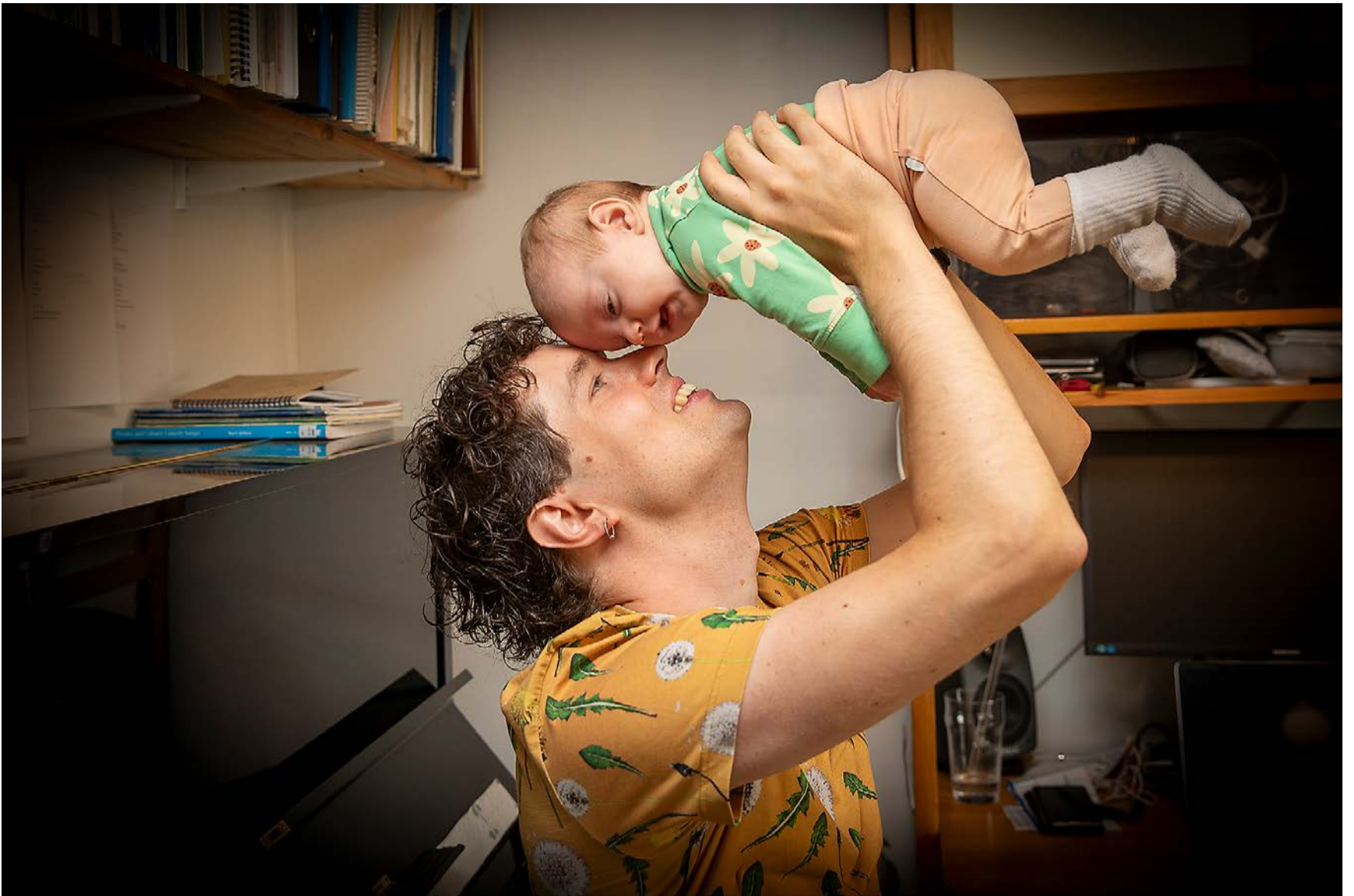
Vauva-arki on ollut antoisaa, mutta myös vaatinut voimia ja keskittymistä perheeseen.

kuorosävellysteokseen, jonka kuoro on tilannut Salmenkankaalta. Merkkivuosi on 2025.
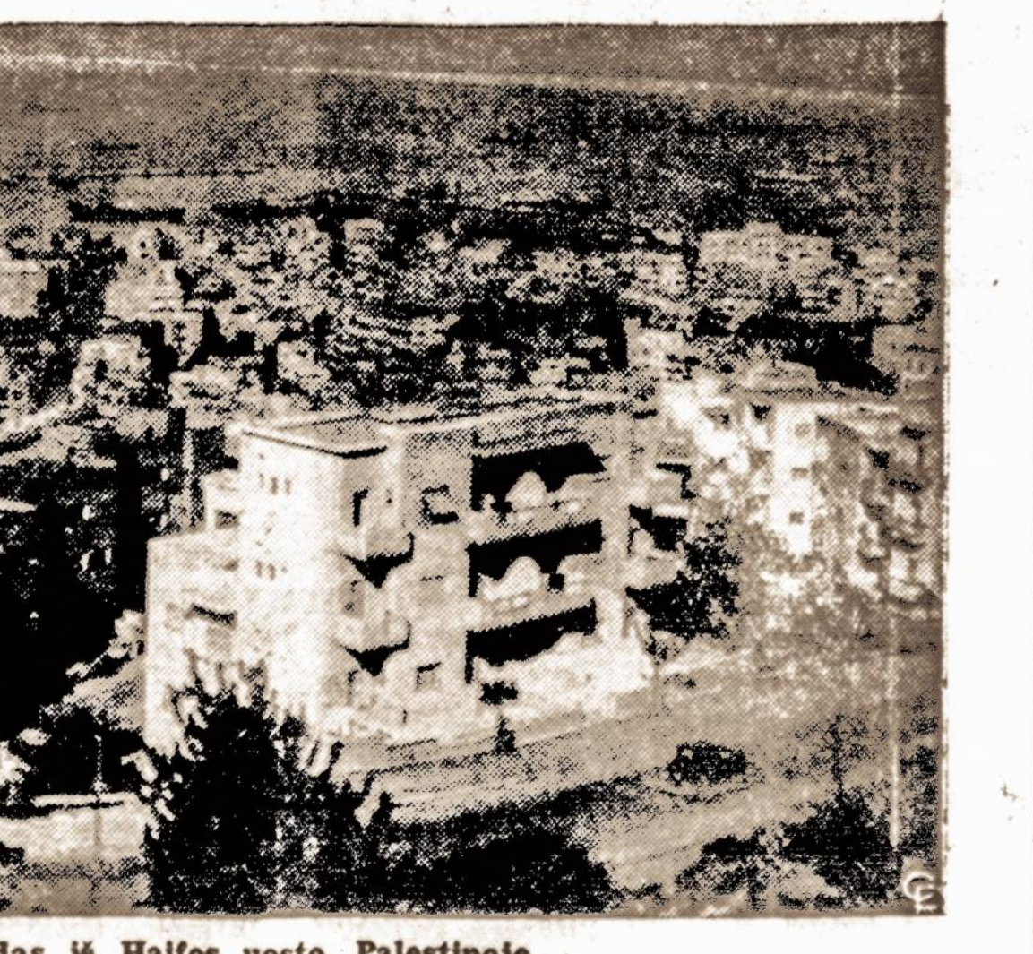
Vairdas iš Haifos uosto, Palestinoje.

▬▬▬▬▬▬▬▬▬▬

* _ACTIVITY_
Reproduce the lines above exactly, image-free.

* _RESPONSE BOX_
Vauva-arki on ollut antoisaa, mutta myös vaatinut voimia ja keskittymistä perheeseen.

kuorosävellysteokseen, jonka kuoro on tilannut Salmenkankaalta. Merkkivuosi on 2025.
Vairdas iš Haifos uosto, Palestinoje.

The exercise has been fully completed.